Dugaan Penipuan Akademi Kripto Mandek 9 Bulan di Polda Metro Jaya, Puluhan Korban Rugi Rp200 Miliar Menagih Kepastian Hukum
Akibat kerugian yang masif ini, sejumlah korban dilaporkan terjerat pinjaman online (pinjol), menghadapi proses perceraian rumah tangga, terpaksa menghentikan pendidikan anak, bahkan ada korban di Jawa Timur yang dilaporkan mencoba melakukan aksi bunuh diri sebanyak tiga kali.
"Saya selalu diajarin untuk all-in karena katanya diversifikasi itu hanya buat pengecut. Dan Kalimasada menyuruh kita jual rumah untuk beli altcoin. Ya kita sebagai murid pasti dengar arahan guru. Tapi semua itu bujuk rayu tipu daya, sampai saya rugi 3 miliar, rungkat. Ada yang lagi proses sidang cerai, terjerat pinjol, sampai korban di Jatim hampir bunuh diri tiga kali," tutur Yonger, korban pelapor yang mengalami kerugian miliaran rupiah.
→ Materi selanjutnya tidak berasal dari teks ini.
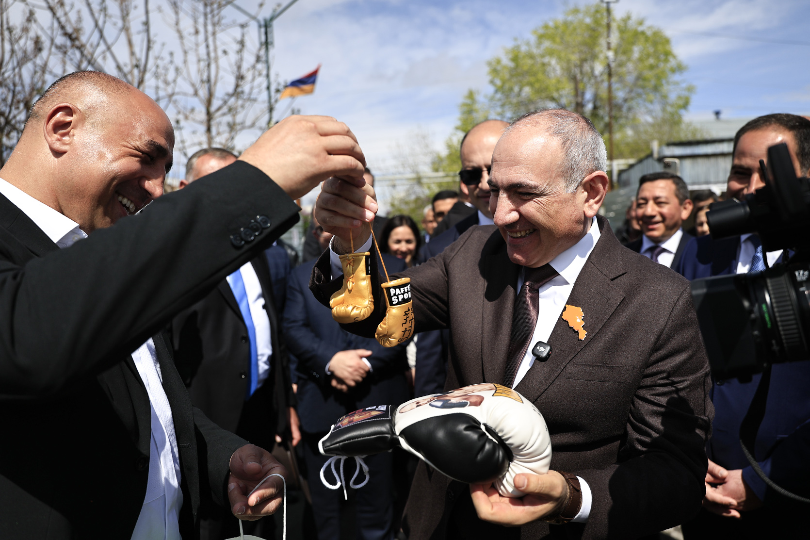 Վարչապետը շնորհավորել է ներկաներին մարզահամալիրի հիմնարկեքի առիթով և վստահություն հայտնել, որ այն շահագործման կհանձնվի սահմանված ժամկետներում և բարձր որակով։ Երկրի ղեկավարը հավելել է, որ Սիմոն Մարտիրոսյանի անվան մարզադպրոցն արդեն գործում է, Ալագյազ գյուղում Ռոման և Մալխաս Ամոյանների անվան դպրոցի հիմնարկեքը կլինի մայիսին, որից հետո կսկսվի շինարարությունը։ Նիկոլ Փաշինյանի խոսքով՝ Կառավարության այս քաղաքականությունն ուղղված է միջազգային ասպարեզում հաջողություններ արձանագրած մարզիկներին արժևորելուն, երկրում սպորտի զարգացմանն ու առողջ ապրելակերպի խթանմանը։
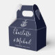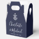 Une élégante boîte de faveur de mariage nautique avec une ancre de navire, des noms chic de script signature et une date spéciale sur un arrière - plan bleu marine. Vous pouvez personnaliser avec votre propre message de remerciement au contraire. Une façon parfaite de remercier vos invités ! Conçu par Thisisnotme©
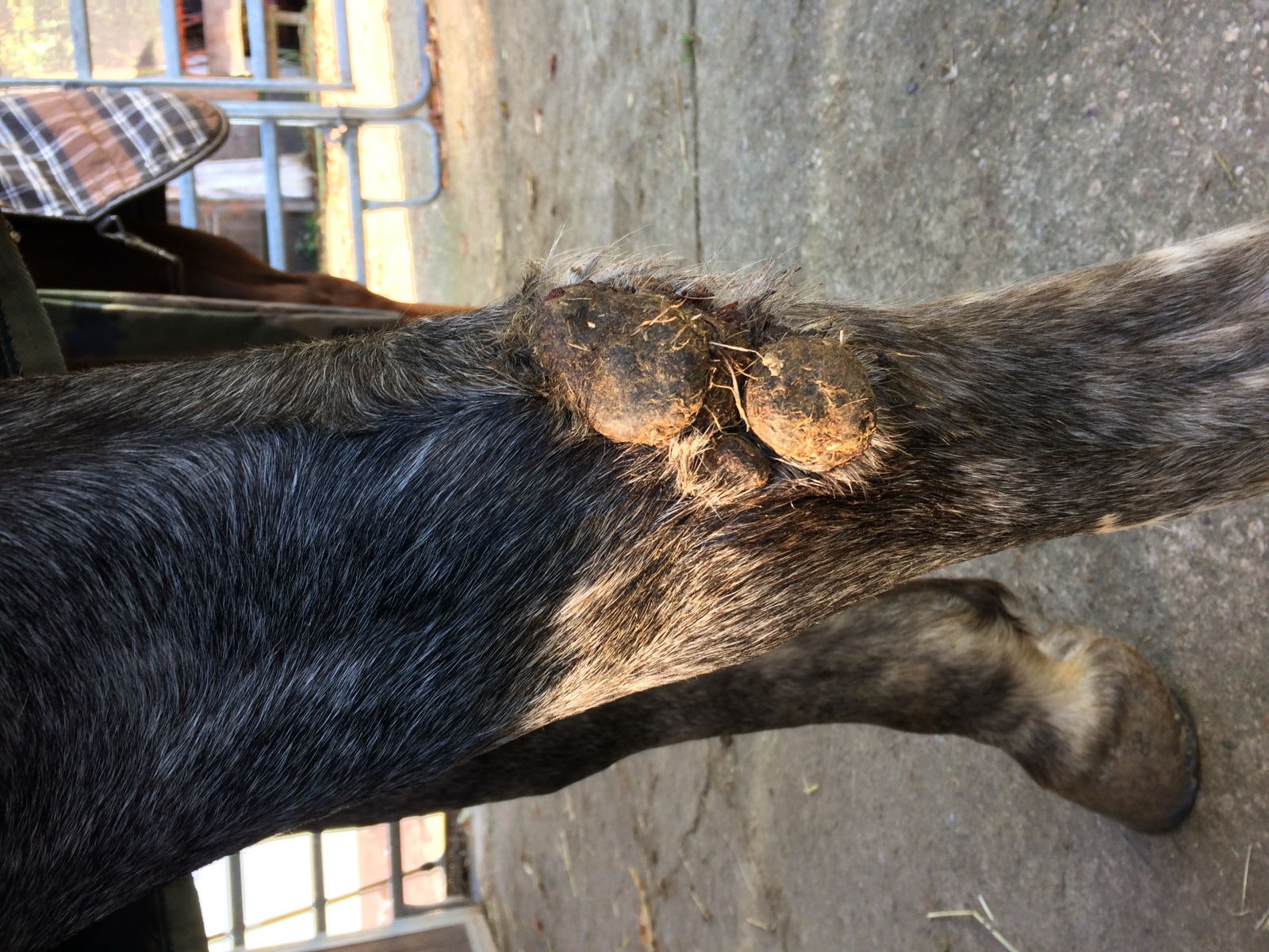 Ich merke, dass die Reaktion auf den Salbe immer weniger wird, nachdem der Tierarzt auch keinen Rat mehr hatte, habe ich mich dann viel über das Internet schlau gemacht und bin auf Euer Forum gestoßen. Meine Newmarket ist jetzt leer und ich habe Compx bereits bestellt. Der riesige Knubbel den ihr auf dem vorletzten Bild seht ist gestern abgefallen.
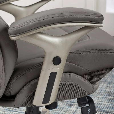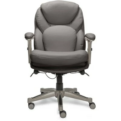 Experience relief with the Works Executive Office Chair with Back in Motion Technology from Serta. This chair has a durable build and is packed with features like adjustable height and tilt with armrest-level controls. The thick, ergonomically contoured upholstery features Back in Motion Technology designed to pivot the low back forward and encourage a positive neutral position for long-term comfort.
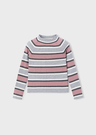 Long sleeved ultra soft and stretchy knit top with high neck collar.
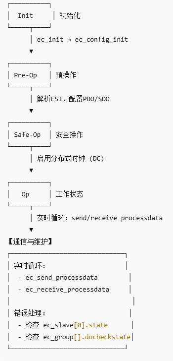 4. 进入实时操作状态:ec_state_check -> 切换到OP状态。指挥棒举起,准备开始。
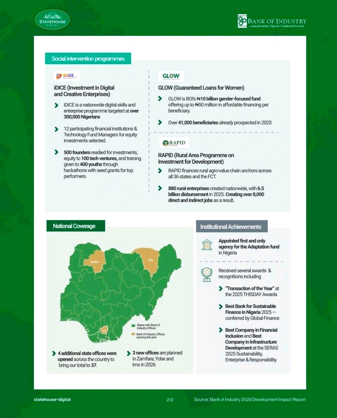 He added that the intervention led to the creation and retention of 1.6 million jobs, while 957,400 beneficiaries were supported under the Presidential Conditional Grant Scheme. Youth-owned enterprises were financed, women-backed businesses received structured capital, and rural enterprises were funded across all 36 states of the federation and the Federal Capital Territory (FCT).

Kekecewaan para korban semakin memuncak akibat sikap terlapor yang dinilai memutus akses komunikasi dan mengingkari janji publik. Dalam sebuah rekaman video yang diserahkan ke kepolisian, Timothy Ronald sempat menyatakan secara terbuka akan mengganti kerugian anggota secara utuh hanya dengan menunjukkan bukti transaksi jual beli.
Namun kenyataannya, ketika para anggota mengalami kerugian besar, ruang diskusi internal langsung ditutup dan upaya konfrontasi secara baik-baik oleh korban di sejumlah forum publik justru direspons dengan tindakan pengusiran.
"Dia bilang di video, 'Yang omong rugi-rugi mana? Transaction hash-nya kasih sini gua ganti uangnya'. Tapi ketika kita komplain, diskusinya malah ditutup. Akses ketemu langsung ditutup. Saya datang baik-baik ke acaranya mau tanya iktikad baik, malah diusir langsung," tegas Yonger menagih janji yang pernah diucapkan terlapor.
Saat ini, jumlah korban yang telah terdata dalam paguyuban pencari keadilan Akademi Kripto diperkirakan mencapai lebih dari 100 orang dengan akumulasi kerugian finansial menembus angka Rp200 miliar.
Rio menegaskan, apabila pihak kepolisian tidak segera memberikan kepastian hukum atau menaikkan status perkara ke tahap penyidikan, ratusan korban lain yang tersebar di wilayah Sumatera, Jawa, hingga Kalimantan siap membuka laporan polisi baru secara serentak di berbagai markas kepolisian daerah.
"Kalau nanti laporannya Saudara Yonger ini tidak jalan, korban-korban lain pasti akan buka laporan sendiri. Kami berharap Polda Metro Jaya harus segera mengusut ini dan tidak menggantung-gantung perkara, karena pidananya sudah sangat jelas," tutup Kuasa Hukum Korban.